Wellington Community Trust “Inspired by Sanderson” Grant

The Friends applied for a grant from Wellington Community Trust Climate Action fund. The application listed 7 projects related to climate and restoration estimated to cost $276,000. Our application was accepted. The project is growing and now includes another 2 items 8 & 9.

  1. Collect, grow and plant 1000 totara. Fronted by Nga Uruora
  2. Plant a 5-hectare area of farmland in pioneer plants. Fronted by Nga Uruora
  3. Restore a small wetland near Paekakariki and install a plaque to Captain Sanderson (a resident and founder of F&B). Fronted by Nga Uruora and F&B.
  4. Plant a 1-hectare wetland in Whareroa Farm Park. Fronted by Whareroa Guardians
  5. Influence and fund residents of Emerald Glen for the riparian planting of streams on their properties (They flow into QEP). Fronted by Friends of QEP
  6. Rewet and plant the 65 hectares of remaining peat swamp in QEP. Fronted by Friends of QEP
  7. Measure changes in water quality in QEP streams. Fronted by Friends of QEP
  8. Collect, grow and plant a second lot of 1000 totara. Fronted by Nga Uruora
  9. Collect, grow and plant 2000 Akeake for dry sandy areas. Fronted by Nga Uruora

Items 1, 3, 4, 5, 8, and 9 are proceeding well.

Item 2 Plant a 5-hectare area of farmland in pioneer plants has been delayed because the supplier is not able to plant the 5 hectares this year. It is hoped that 1ha will be planted this year and 4ha next year.

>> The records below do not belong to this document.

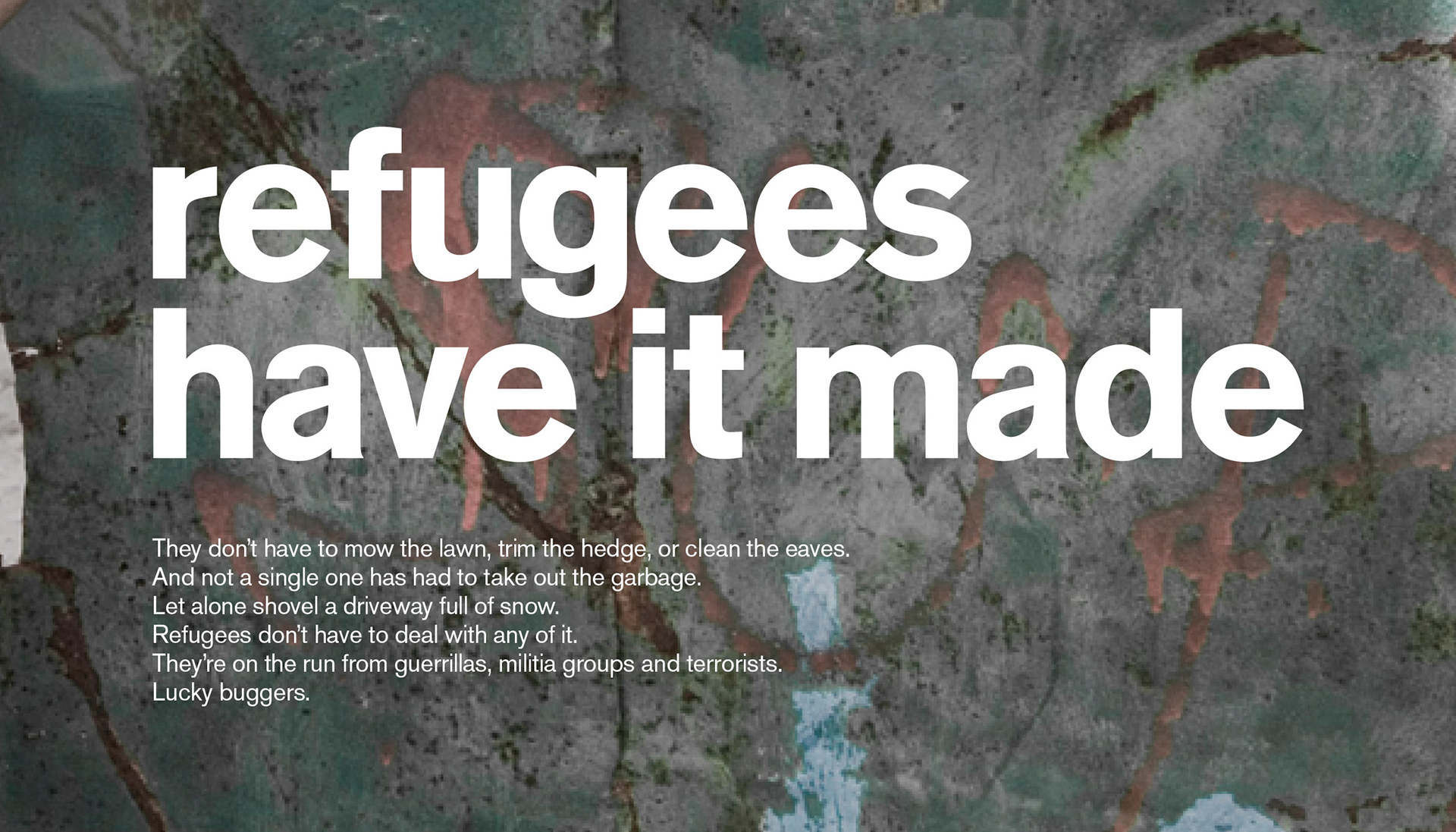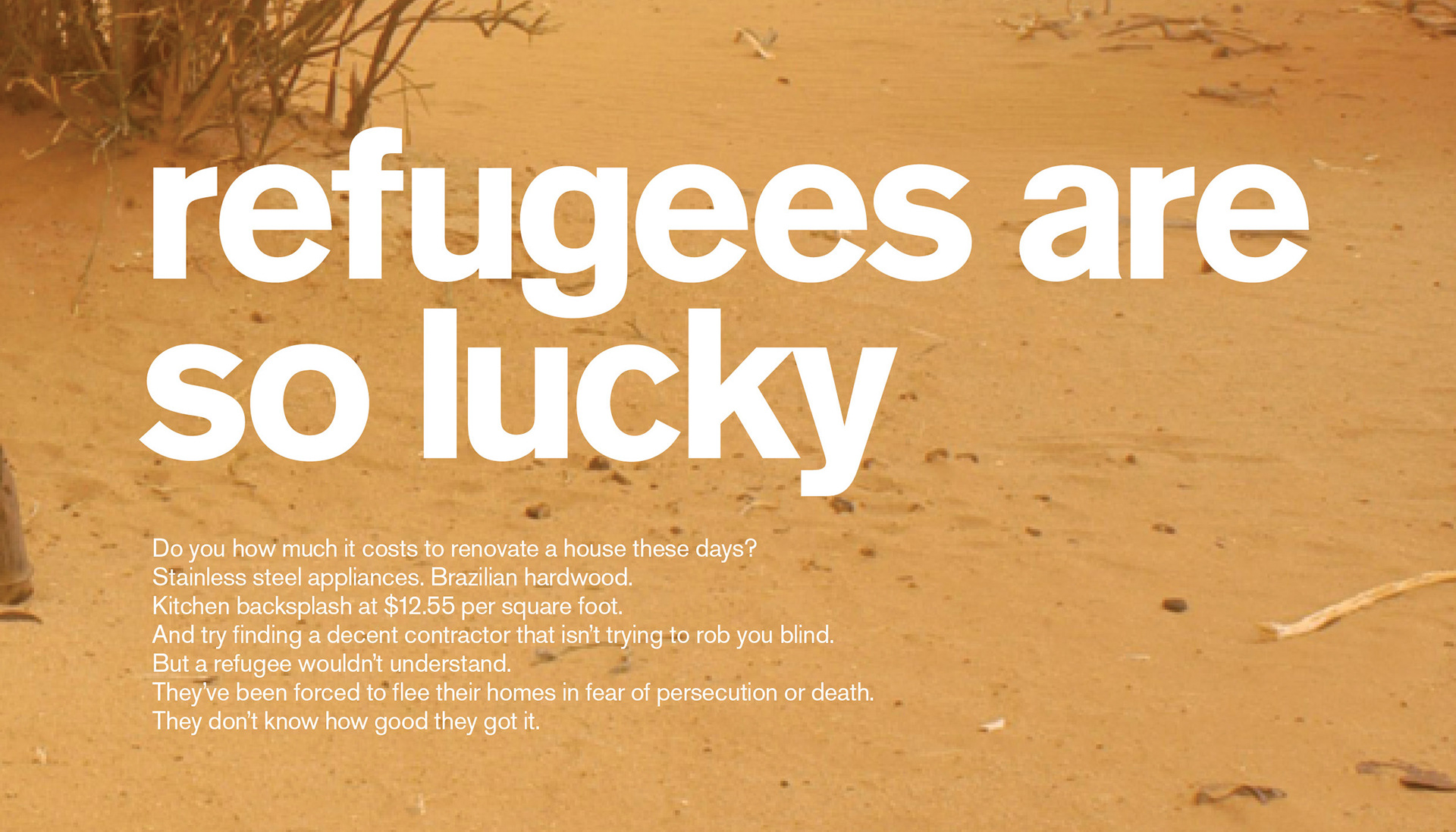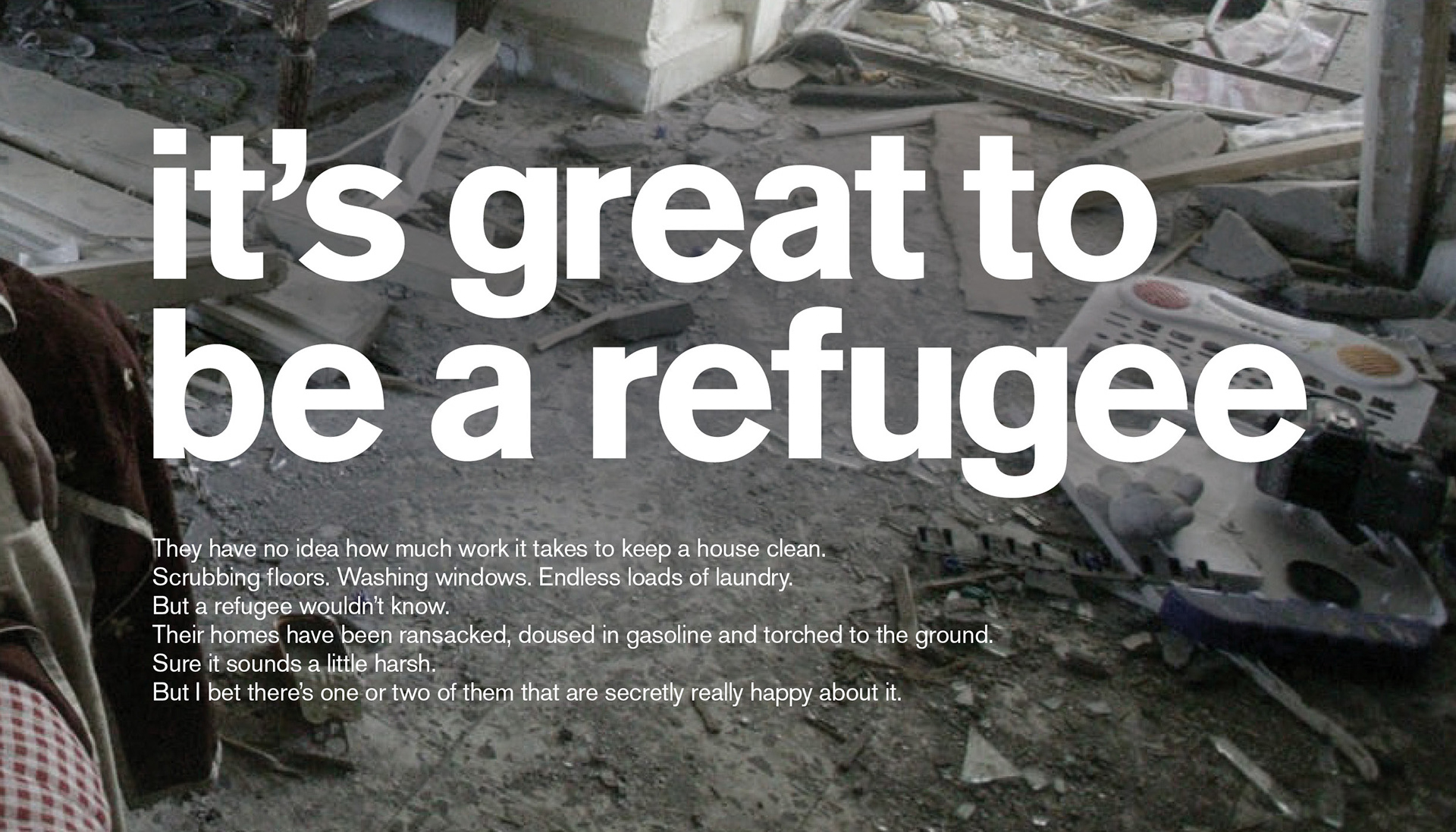 Print campaign for UNHCR using irony to highligt the plight of refugees.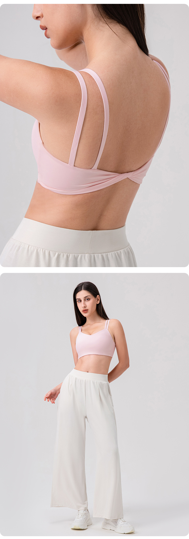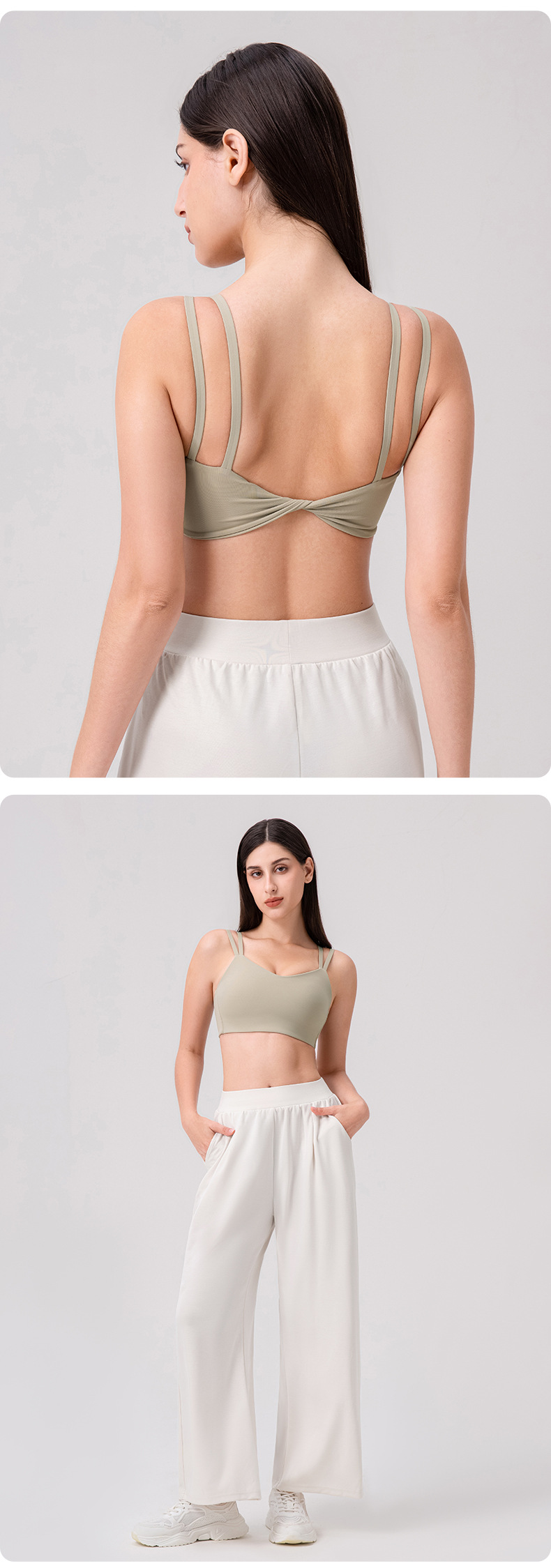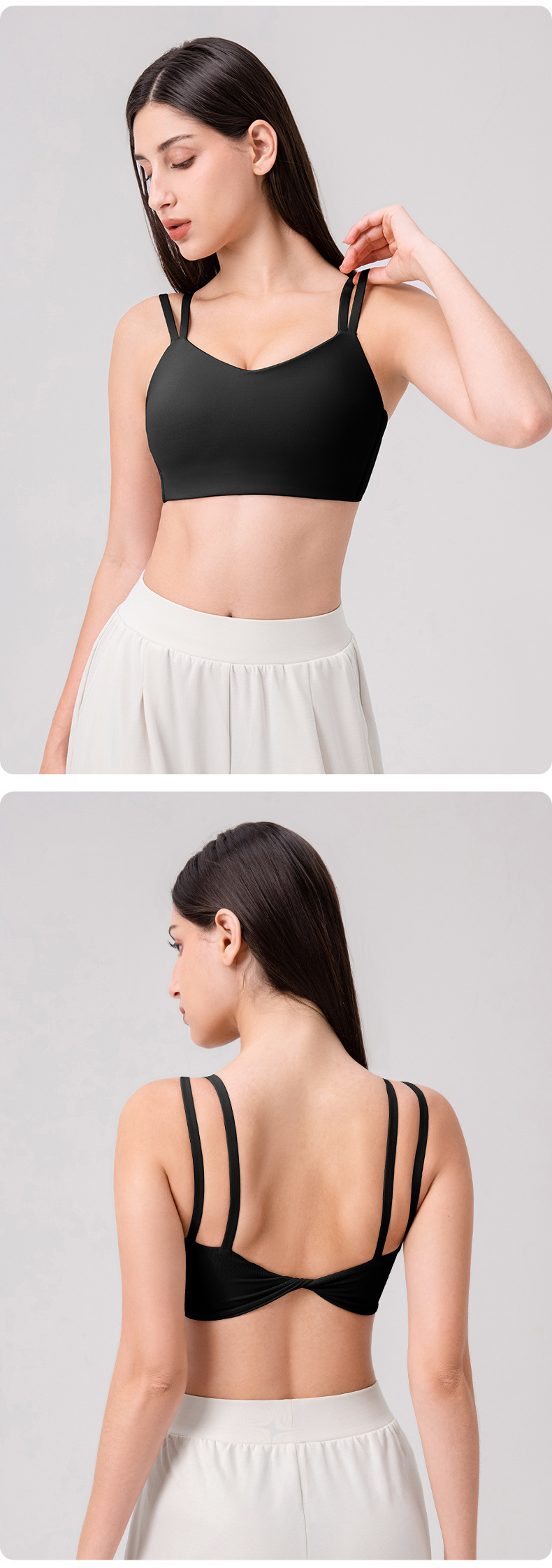 2022 new triangle beauty back fitness sports bra thin shoulder straps gathered nude yoga bra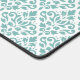 Scroll and leaf damask in a vintage influenced pattern, in teal colour detail on a background colour of your choice.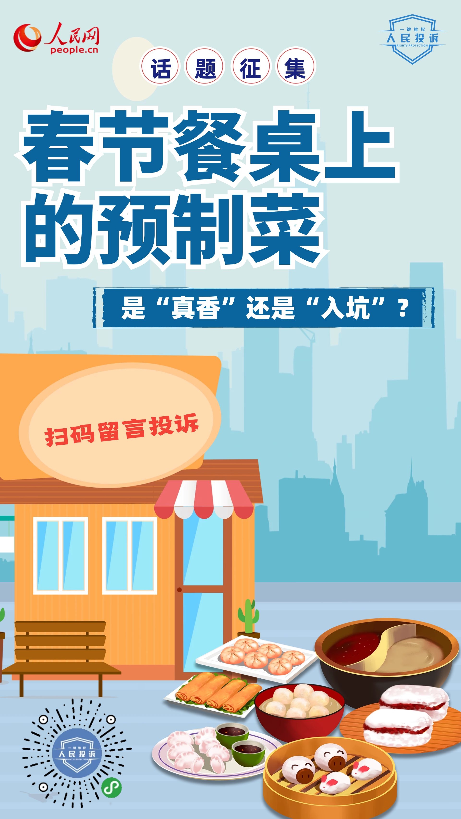 節(jié)日期間,為了讓消費(fèi)者選得安心、買得放心、吃出信心,推動預(yù)制菜行業(yè)向健康有序的方向發(fā)展,完善相關(guān)行業(yè)標(biāo)準(zhǔn)與規(guī)范,人民網(wǎng)“人民投訴”平臺即日起將征集相關(guān)維權(quán)線索,如果您遭遇此類權(quán)益侵害,或了解某些欺詐行為中不為人知的陷阱、黑幕,歡迎您掃碼關(guān)注“人民網(wǎng)財(cái)經(jīng)”微信公眾號或掃描“人民投訴·一鍵維權(quán)”微信小程序留言、投訴、曝光。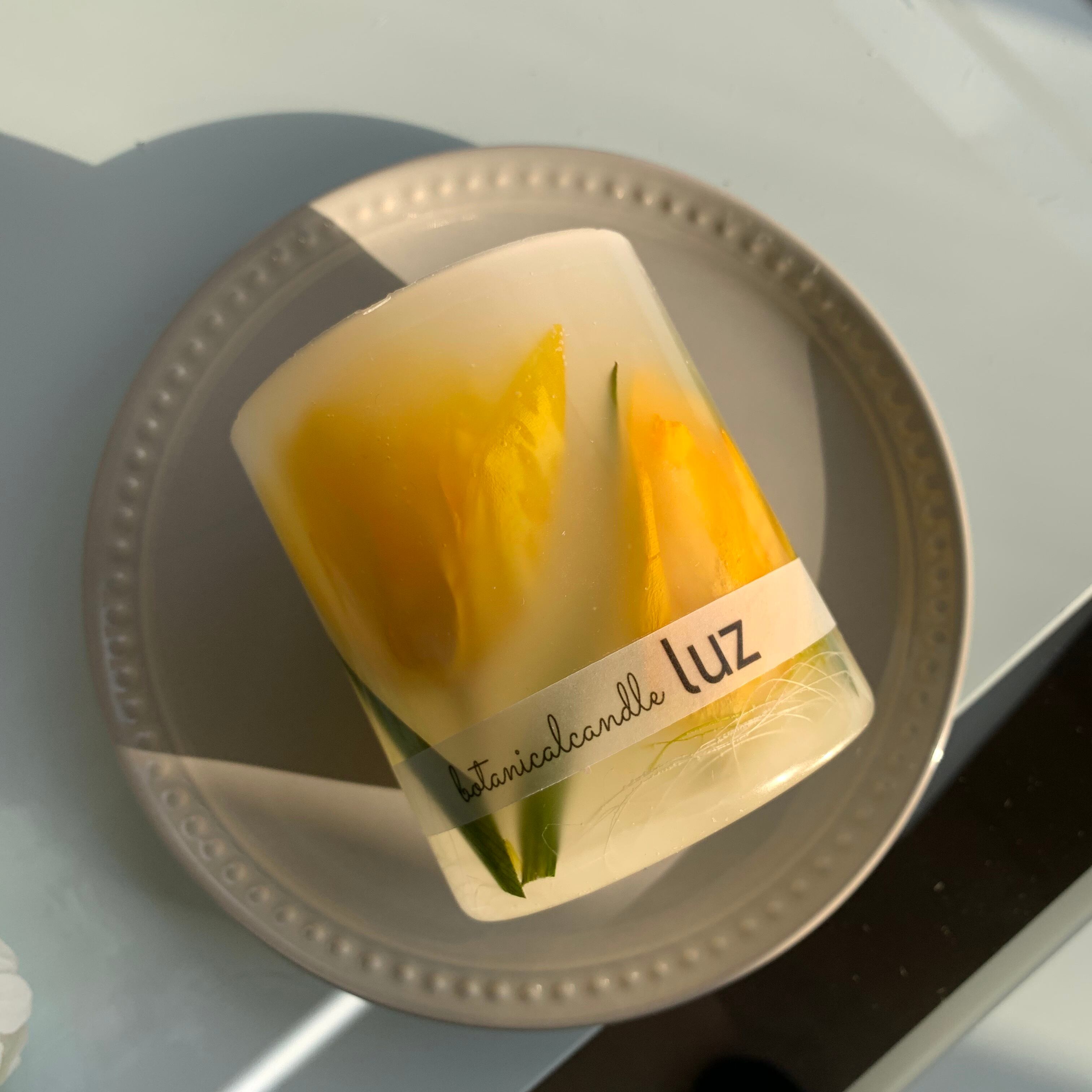 両面楽しめるように、正面にチューリップ、裏面にはスイートピーを入れたキャンドルです。気分で変えてご使用下さい(^-^)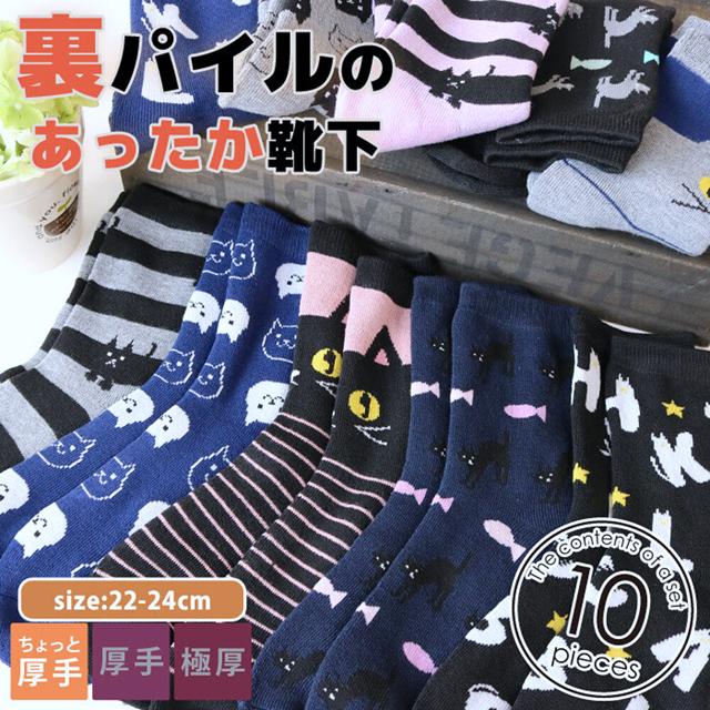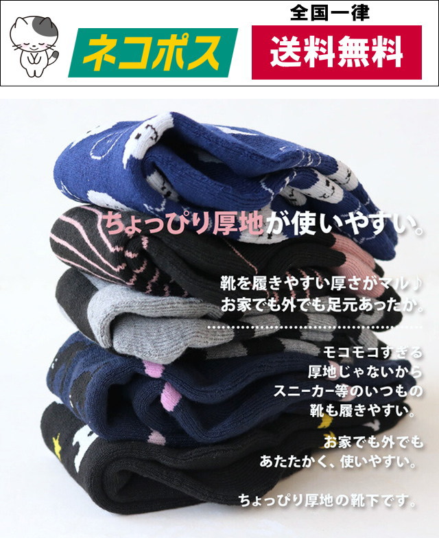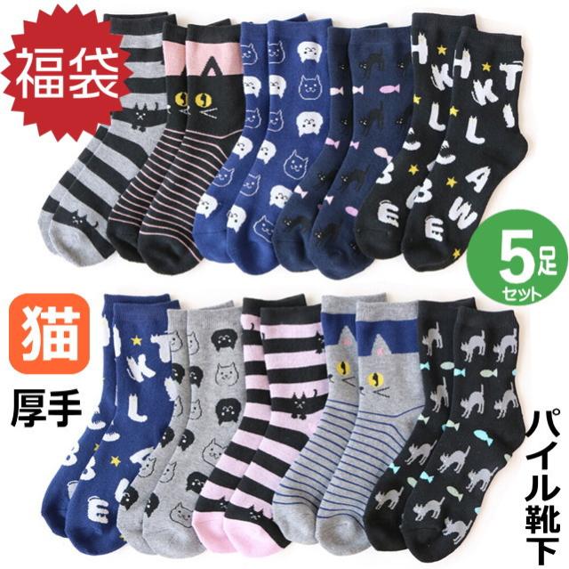 【送料無料】 靴下 福袋 1000円 ポッキリ 送料無料 クルー ソックス 婦人 レディース 5足セット パイル あったか ちょっと厚手 猫柄 かわいい おしゃれ 景品 ギフト プレゼント

Item 6 Rewet and plant the 65 hectares of remaining peat swamp in QEP is waiting on GW to get the necessary consents to undertake the work. We will pay for work on the ground.

Item 7 has failed because we cannot find a leader for the project. Much preparatory work has been done and it is ready to go. It is a small financial project and will not save any carbon.


The trustees are excited and looking forward to the projects that will be undertaken in the park in the near future. We believe and hope that we can be allies of GW in this necessary work.